**Work required:** All that is wanted is the exact text of the lines below from the one with "저번부터 눈도장 찍고" through the one with "A funny and", inclusive, minus any pictures.

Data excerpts
|---|

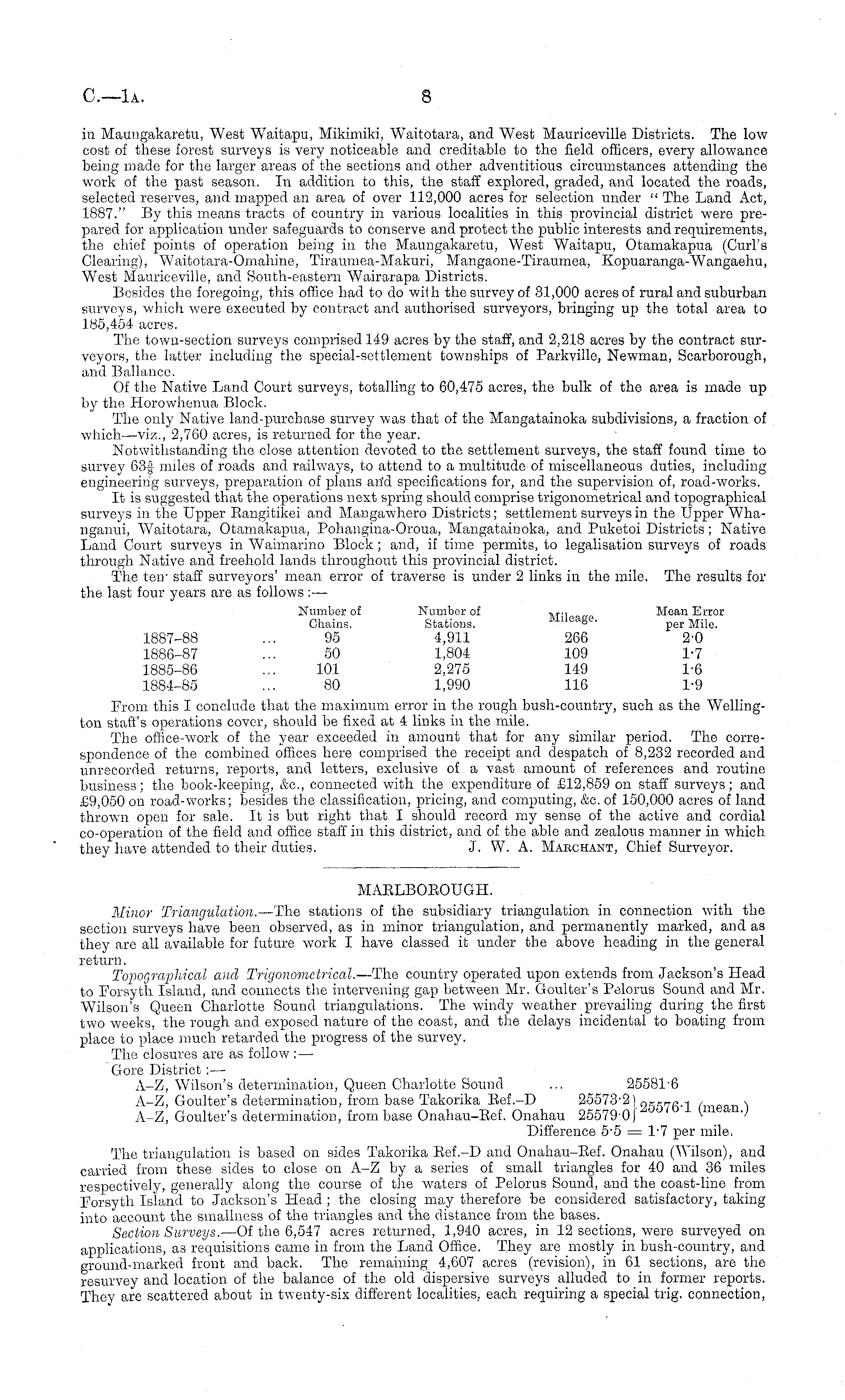 in Maungakaretu, West Waitapn, Mikimiki, Waitotara, and West Mauriceville Districts. The low cost of these forest surveys is very noticeable and creditable to the field officers, every allowance being made for the larger areas of the sections and other adventitious circumstances attending the work of the past season. In addition to this, the staff explored, graded, and located the roads, selected reserves, and mapped an area of over 112,000 acres for selection under " The Land Act, 1887." By this means tracts of country in various localities in this provincial district were prepared for application under safeguards to conserve and protect the public interests and requirements, the chief points of operation being in the Maungakaretu, West Waitapu, Otamakapua (Curl's Clearing), Waitotara-Omahine, Tiraumea-Makuri, Mangaone-Tiraumea, Kopuaranga-Wangaehu, West Mauriceville, and South-eastern Wairarapa Districts. Besides the foregoing, this office had to do with the survey of 31,000 acres of rural and suburban surveys, which were executed by contract and authorised surveyors, bringing up the total area to 185,454 acres. The town-section surveys comprised 149 acres by the staff, and 2,218 acres by the contract surveyors, the latter including the special-settlement townships of Parkville, Newman, Scarborough, and Ballanco. Of the Native Land Court surveys, totalling to 60,475 acres, the bulk of the area is made up by the Horowhenua Block. The only Native land-purchase survey was that of the Mangatainoka subdivisions, a fraction of which —viz., 2,760 acres, is returned for the year. Notwithstanding the close attention devoted to the settlement surveys, the staff found time to survey 63f miles of roads and railways, to attend to a multitude of miscellaneous duties, including engineering surveys, preparation of plans arid specifications for, and the supervision of, road-works. It is suggested that the operations next spring should comprise trigonometrical and topographical surveys in the Upper Bangitikei and Mangawhero Districts; settlement surveys in the Upper Whanganui, Waitotara, Otamakapua, Pohangina-Oroua, Mangatainoka, and Puketoi Districts; Native Land Court surveys in Waimarino Block; and, if time permits, to legalisation surveys of roads through Native and freehold lands throughout this provincial district. The ten , staff surveyors' mean error of traverse is under 2 links in the mile. The results for the last four years are as follows: — Number of Number of , r . Mean Error Chains. Stations. Mileage. per Mile. 1887-88 ... 95 4,911 266 2-0 1886-87 ... 50 1,804 109 1-7 1885-86 ... 101 2,275 149 1-6 1884-85 ... 80 1,990 116 1-9 From this I conclude that the maximum error in the rough bush-country, such as the Wellington staff's operations cover, should be fixed at 4 links in the mile. The office-work of the year exceeded in amount that for any similar period. The correspondence of the combined offices here comprised the receipt and despatch of 8,232 recorded and unrecorded returns, reports, and letters, exclusive of a vast amount of references and routine business; the book-keeping, &c, connected with the expenditure of £12,859 on staff surveys; and £9,050 on road-works; besides the classification, pricing, and computing, &c. of 150,000 acres of land thrown open for sale. It is but right that I should record my sense of the active and cordial co-operation of the field and office staff in this district, and of the able and zealous manner in which they have attended to their duties. J. W. A. Marchant, Chief Surveyor.
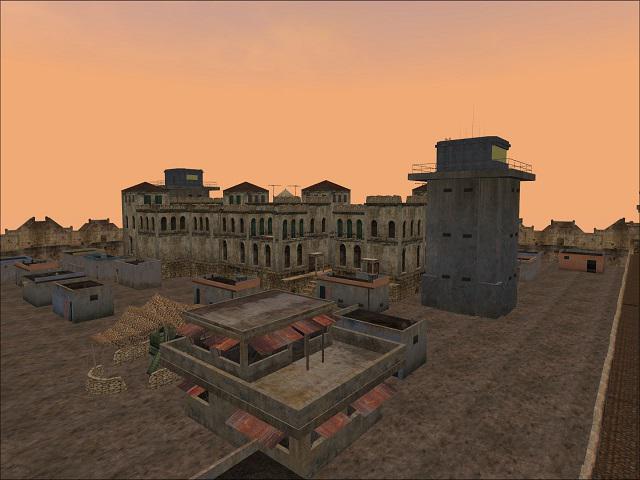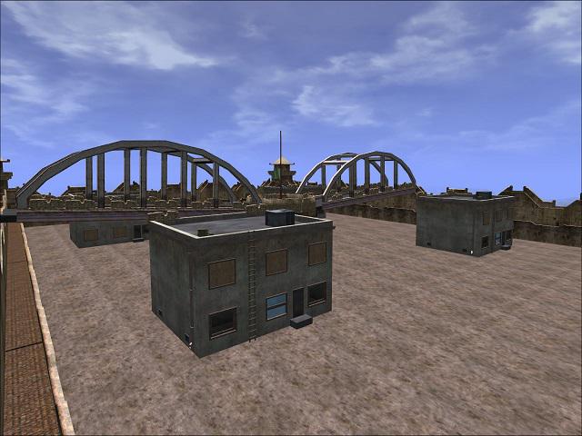 A small arena with two large buildings in the center. There are many ways to the top so look out!
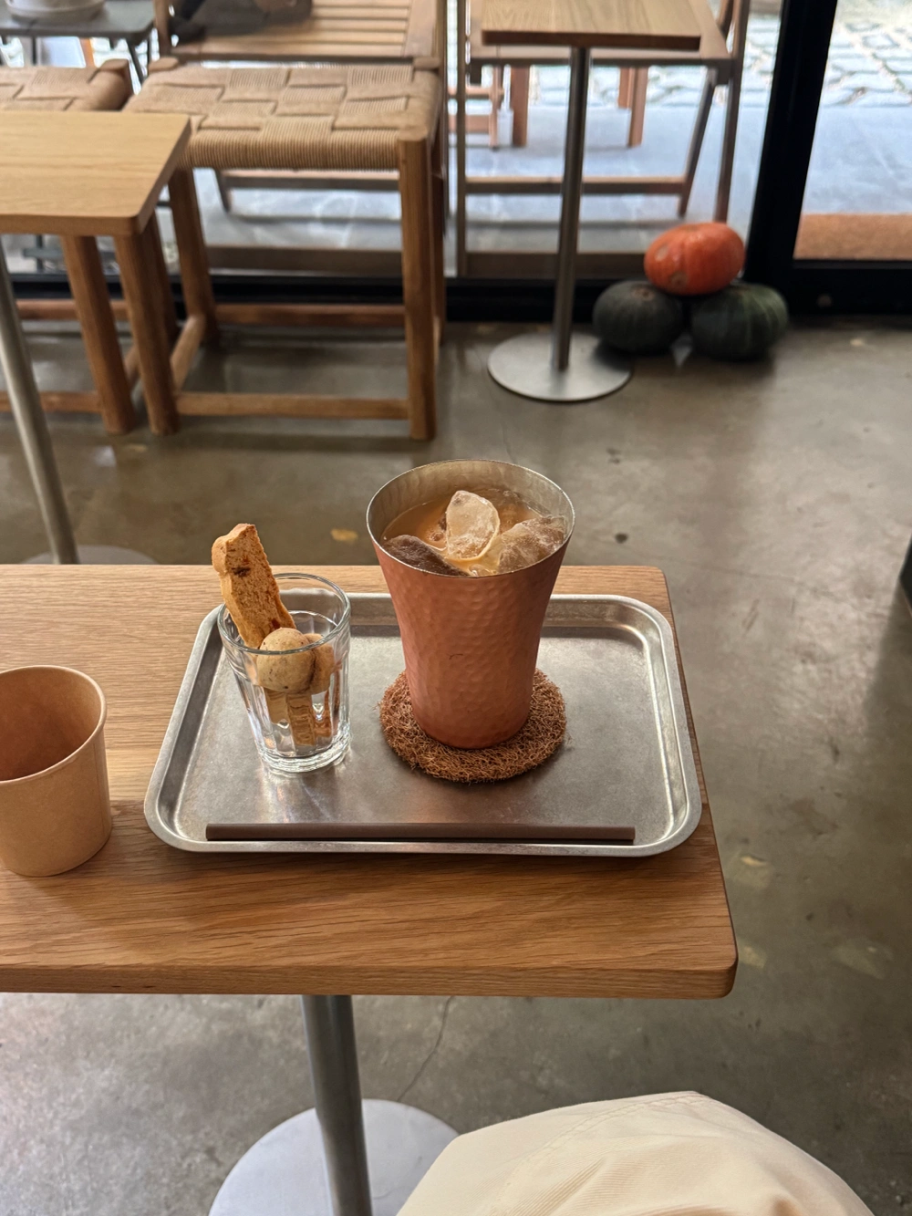 저번부터 눈도장 찍고 있던 커피숍에 방문! 넓은 창이 있어서 너무 좋았다. 커피 한 잔 시키고 매장을 가득 채운 시나몬 번의 향에 결국 하나 주문..! 근데 주문하길 너무 잘했어. 날이 쌀쌀해서 사장님께서 티를 한 잔 내려주셨다. 멍멍이랑 편하게 앉아 있으니까 이게 사는거지 싶다. ww
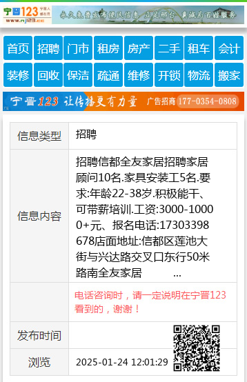 招聘信都全友家居招聘家居顾问10名.家具安装工5名.要求:年龄22-38岁.积极能干、可带薪培训.工资:3000-10000+元、报名电话:17303398678店面地址:信都区莲池大街与兴达路交叉口东行50米路南全友家居 聘
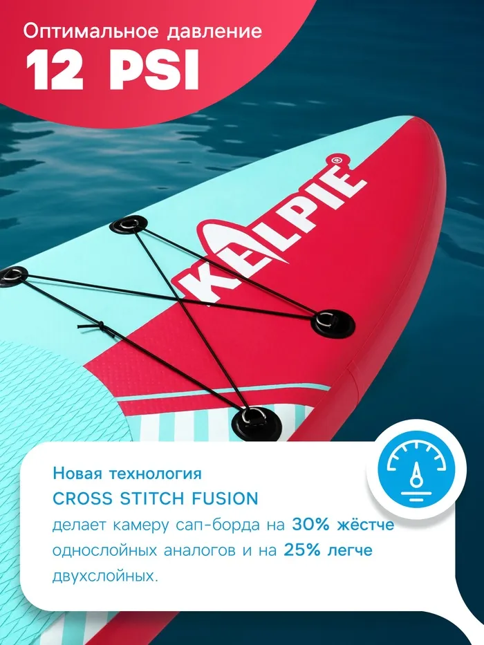 - Новая технология соединений в камере высокого давления — CROSS STITCH FUSION (вышивка крестом). На 30% жёстче по сравнению с обычными однослойными камерами сап-бордов. На 25% легче по сравнению с устоявшейся технологией изготовления двойного слоя.
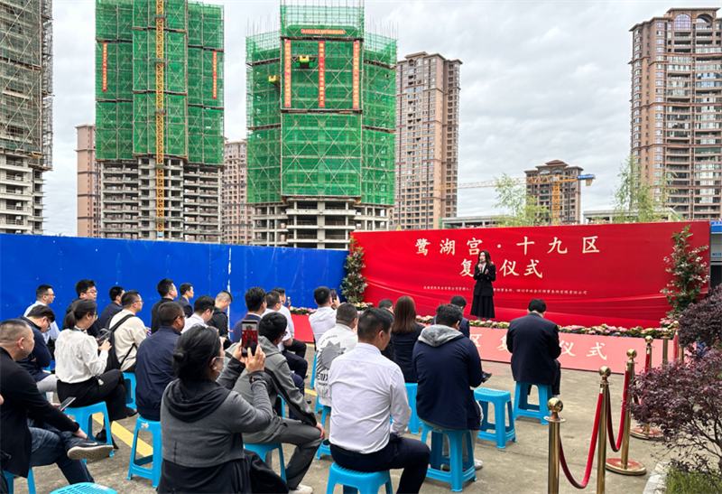 四川新闻网成都4月30日讯 市场振奋的好消息不断传来!4月28日,成都购房政策调整以及近日地产股大涨,持续为市场的稳定注入活力与信心。在温江区委区政府、职能部门及管理人团队、债务人等多方共同努力和积极配合下,4月30日,位于成都市温江区的国色天乡鹭湖宫项目19区项目的复工仪式再次为各方带来了利好预期。该项目是住宅标志性项目复工,带来了强烈的示范效应,并体现出投资方看好成都市场和未来预期。同时,复工的本身也化解了业界的一些忧虑,保障了购房者的应得权益。
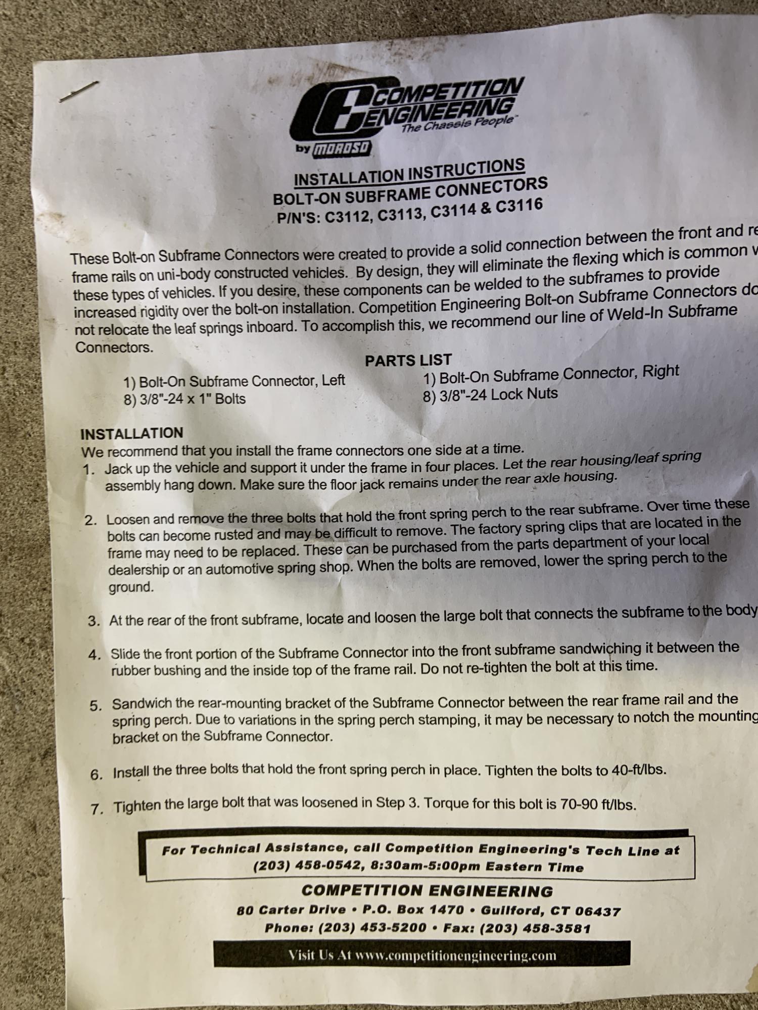 Set of brand new #C3114 Competition Engineering bolt-in frame connectors for a 1976 to 1981 Firebird or Camaro. The catalog page indicates no floorpan modifications are required (unlike the 1970 to 1975 version).
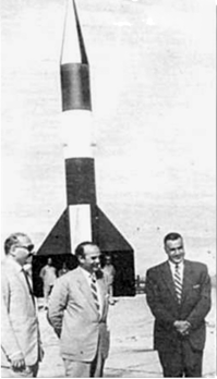 Tổng thống Ai Cập Nasser trong một buổi thử tên lửa với các nhà khoa học Đức và Ai Cập
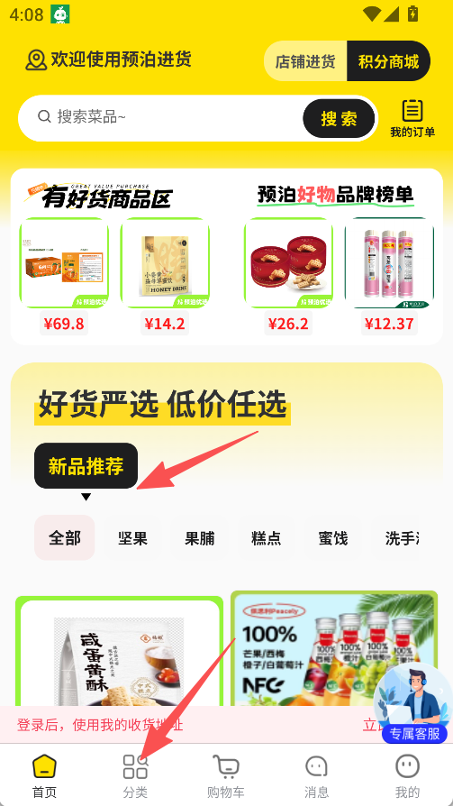 《预泊进货》专注于商品进货服务,首页有“有好货商品区”“好货严选 低价任选”,可按坚果、果脯等类别筛选商品。进入分类页面,能在食品、用品专区下,进一步选择休闲食品等细分品类。找到心仪商品,可查看详情,了解价格、销量,还能加入购物车,方便进货采购。
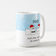 A funny and festive holiday mug design featuring toilet paper rolls wearing Santa hats saying "Just Roll With It." A light-hearted laugh at the toilet paper shortage during COVID quarantine and events. Personalize the text and add your names.
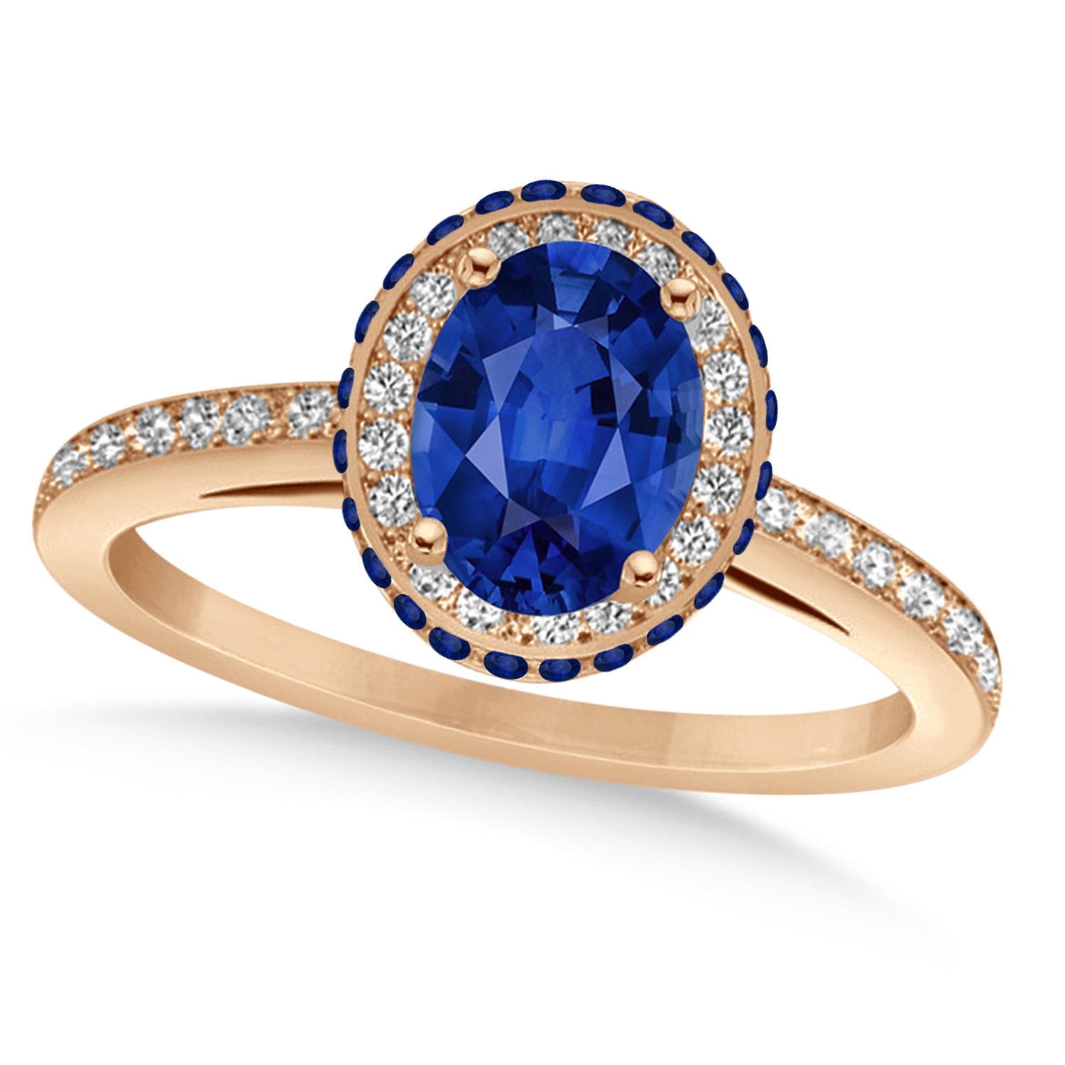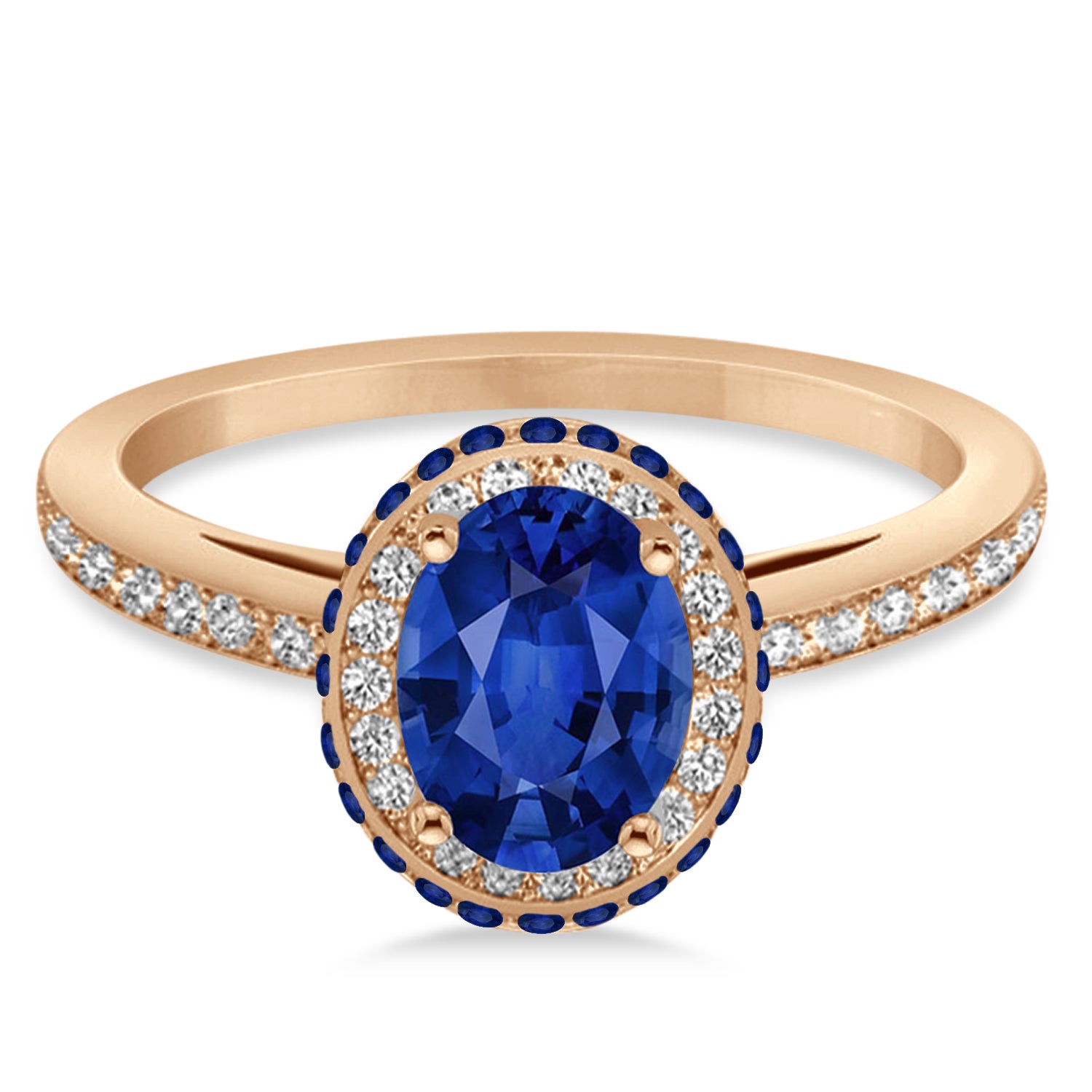 Oval Lab Blue Sapphire & Diamond Halo Engagement Ring 14k Rose Gold 2.

|---|

**Written response:**
 저번부터 눈도장 찍고 있던 커피숍에 방문! 넓은 창이 있어서 너무 좋았다. 커피 한 잔 시키고 매장을 가득 채운 시나몬 번의 향에 결국 하나 주문..! 근데 주문하길 너무 잘했어. 날이 쌀쌀해서 사장님께서 티를 한 잔 내려주셨다. 멍멍이랑 편하게 앉아 있으니까 이게 사는거지 싶다. ww
 招聘信都全友家居招聘家居顾问10名.家具安装工5名.要求:年龄22-38岁.积极能干、可带薪培训.工资:3000-10000+元、报名电话:17303398678店面地址:信都区莲池大街与兴达路交叉口东行50米路南全友家居 聘
 - Новая технология соединений в камере высокого давления — CROSS STITCH FUSION (вышивка крестом). На 30% жёстче по сравнению с обычными однослойными камерами сап-бордов. На 25% легче по сравнению с устоявшейся технологией изготовления двойного слоя.
 四川新闻网成都4月30日讯 市场振奋的好消息不断传来!4月28日,成都购房政策调整以及近日地产股大涨,持续为市场的稳定注入活力与信心。在温江区委区政府、职能部门及管理人团队、债务人等多方共同努力和积极配合下,4月30日,位于成都市温江区的国色天乡鹭湖宫项目19区项目的复工仪式再次为各方带来了利好预期。该项目是住宅标志性项目复工,带来了强烈的示范效应,并体现出投资方看好成都市场和未来预期。同时,复工的本身也化解了业界的一些忧虑,保障了购房者的应得权益。
 Set of brand new #C3114 Competition Engineering bolt-in frame connectors for a 1976 to 1981 Firebird or Camaro. The catalog page indicates no floorpan modifications are required (unlike the 1970 to 1975 version).
 Tổng thống Ai Cập Nasser trong một buổi thử tên lửa với các nhà khoa học Đức và Ai Cập
 《预泊进货》专注于商品进货服务,首页有“有好货商品区”“好货严选 低价任选”,可按坚果、果脯等类别筛选商品。进入分类页面,能在食品、用品专区下,进一步选择休闲食品等细分品类。找到心仪商品,可查看详情,了解价格、销量,还能加入购物车,方便进货采购。
 A funny and festive holiday mug design featuring toilet paper rolls wearing Santa hats saying "Just Roll With It." A light-hearted laugh at the toilet paper shortage during COVID quarantine and events. Personalize the text and add your names.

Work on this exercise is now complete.